Incorrigible spam

David Relson relson at osagesoftware.com
Thu Apr 8 13:26:14 CEST 2004


On Thu, 08 Apr 2004 08:43:38 +0200
Boris 'pi' Piwinger wrote:

> Richard Kimber <rkimber at ntlworld.com> wrote:
> 
> >From time to time I get spam that is still scored as ham after I've
> >told bogofilter to relearn it as spam.
> 
> This seems to be an artifact of full training.
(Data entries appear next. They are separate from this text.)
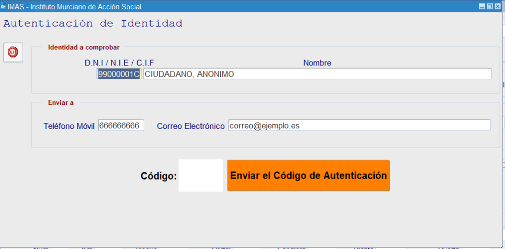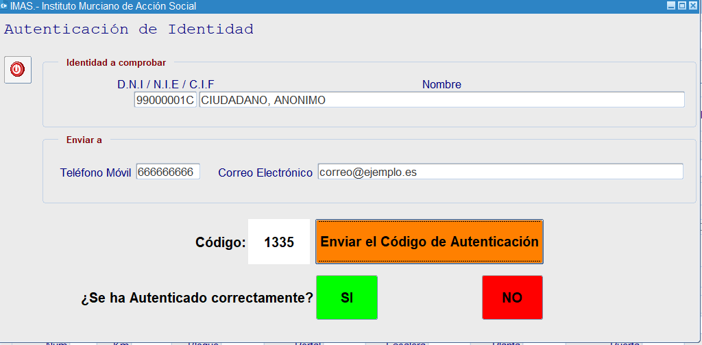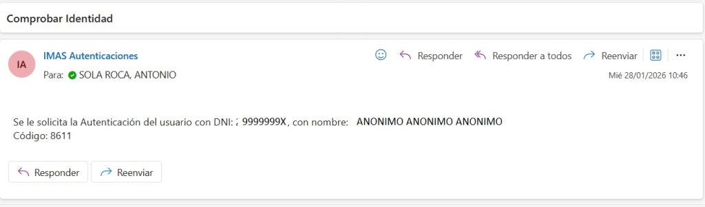 El sistema procederá a enviar un código numérico de 4 dígitos calculado al azar al móvil indicado y al correo electrónico facilitado. Al destinatario o interesado sobre el que estamos comprobando su identidad, le llegará el siguiente correo a su email, y el mismo texto y código por SMS a su móvil.
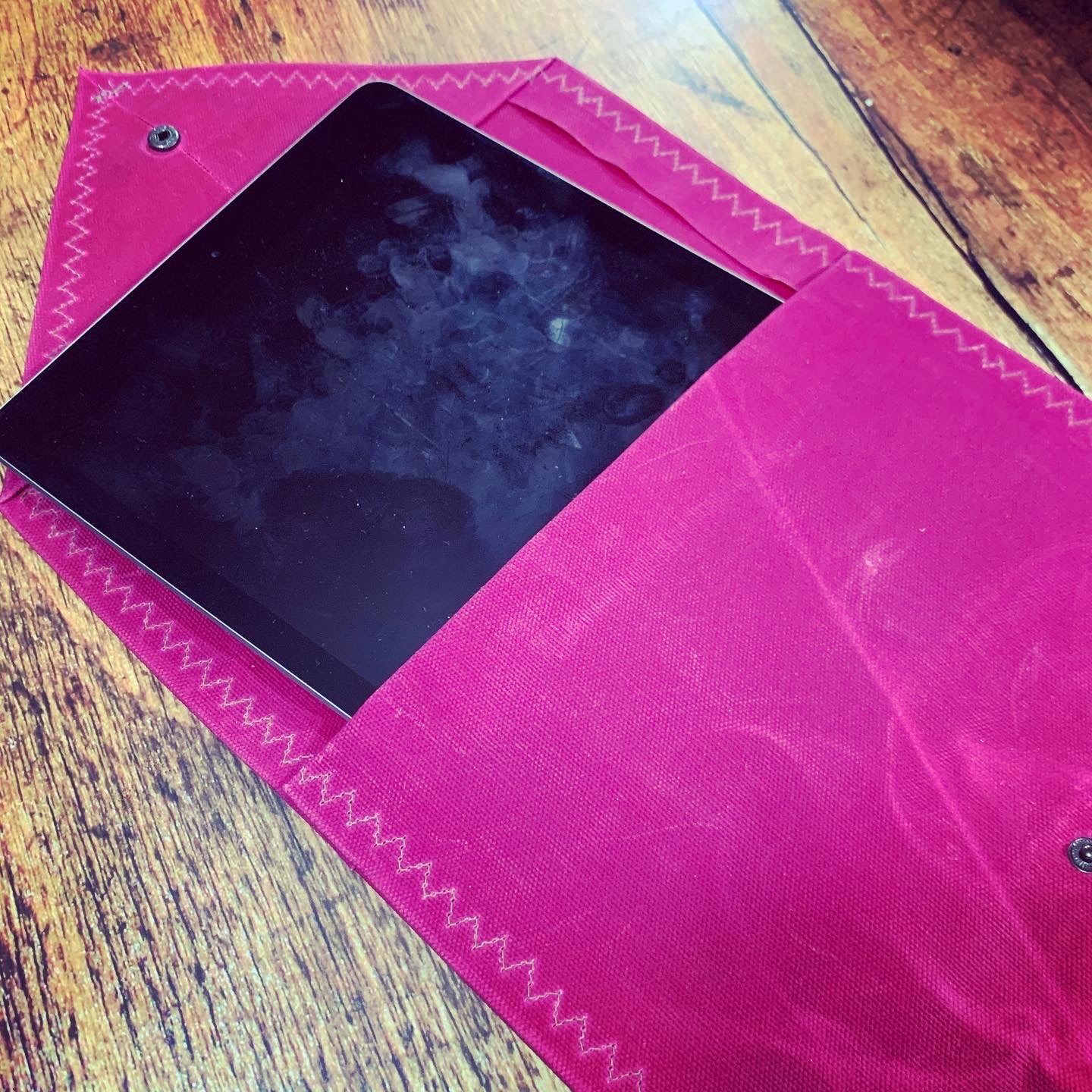 Waxed Canvas iPad Envelope Case/Clutch in Cerise Pink
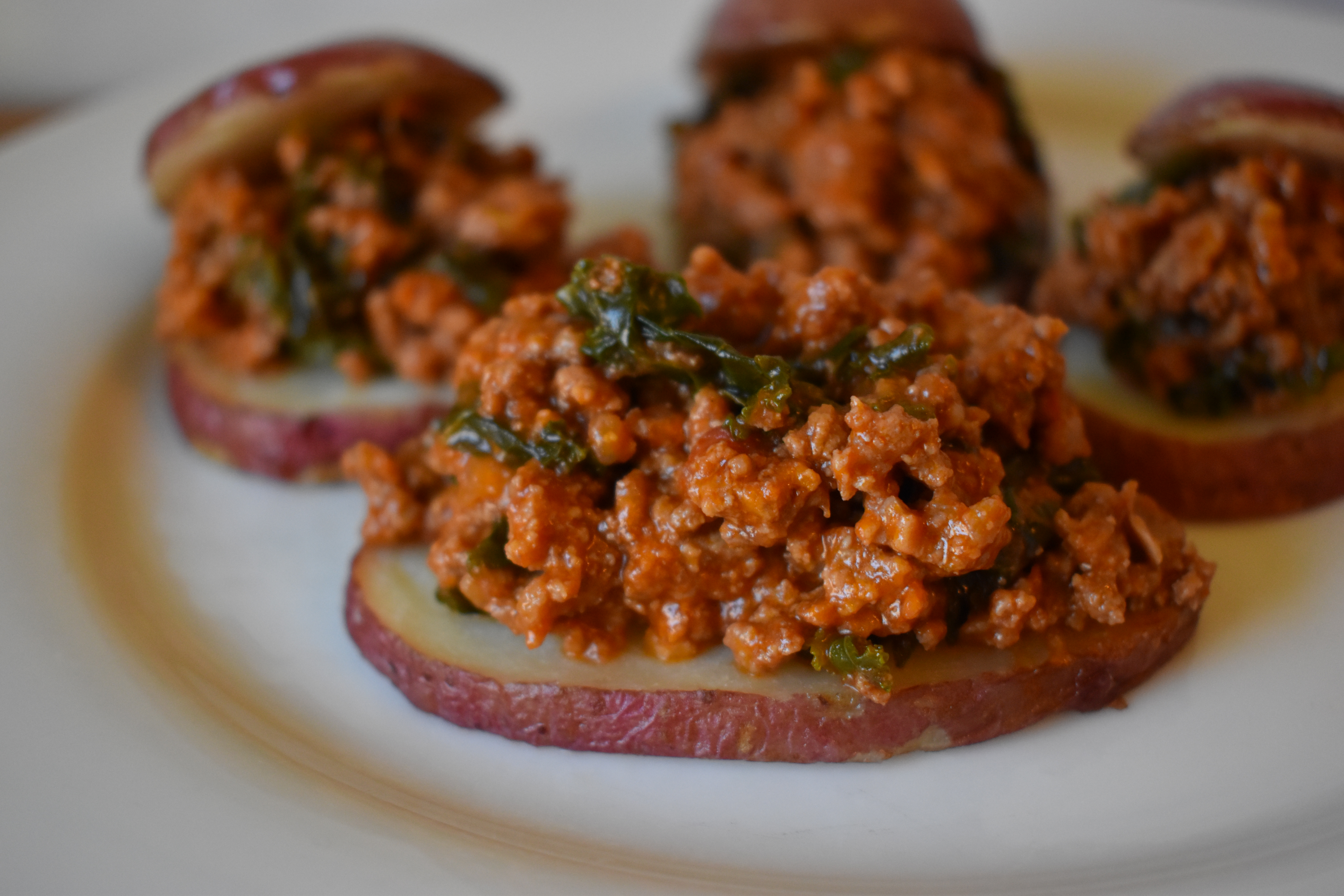 3. When the beef has browned completely, add the kale and stir to combine. Add the marinara sauce, stir to combine, and simmer on low until the potatoes are done cooking.
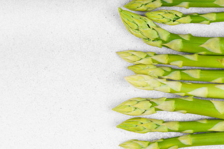 Bunch of raw fresh green asparagus stalks macro, close up on light gray textured background with copy space. Healthy food, fresh produce, cooking ingredient, vegetarian recipe, organic agriculture.
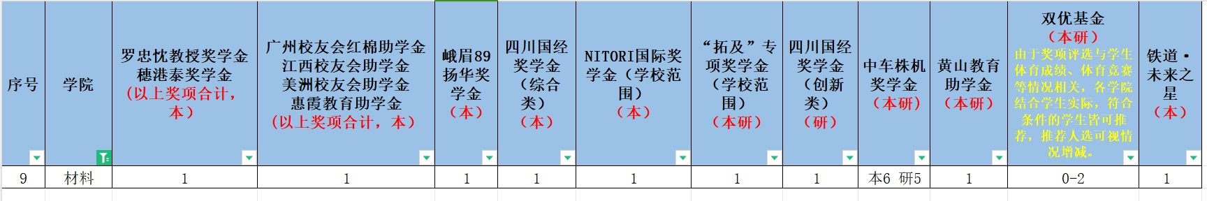 学院学校范围专项奖助学金可推荐名额分配表如下图所示;学校范围专项奖助学金评选办法见学校通知附件3。
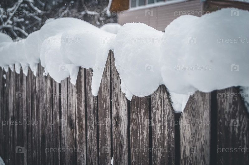 Старый деревянный частокол в деревне зимой. Снег на заборе. Селективный фокус

However,
> besides the solutions already offered, those messages might
> be an indication that you did some false training in the
> past.

A large wordlist with lots of messages has a measure of "inertia".  With
such a list, each message is a very small percentage of the total.  This
can make it harder to change the status of a token from "hammish" to
"spammish".  You may be encountering that effect.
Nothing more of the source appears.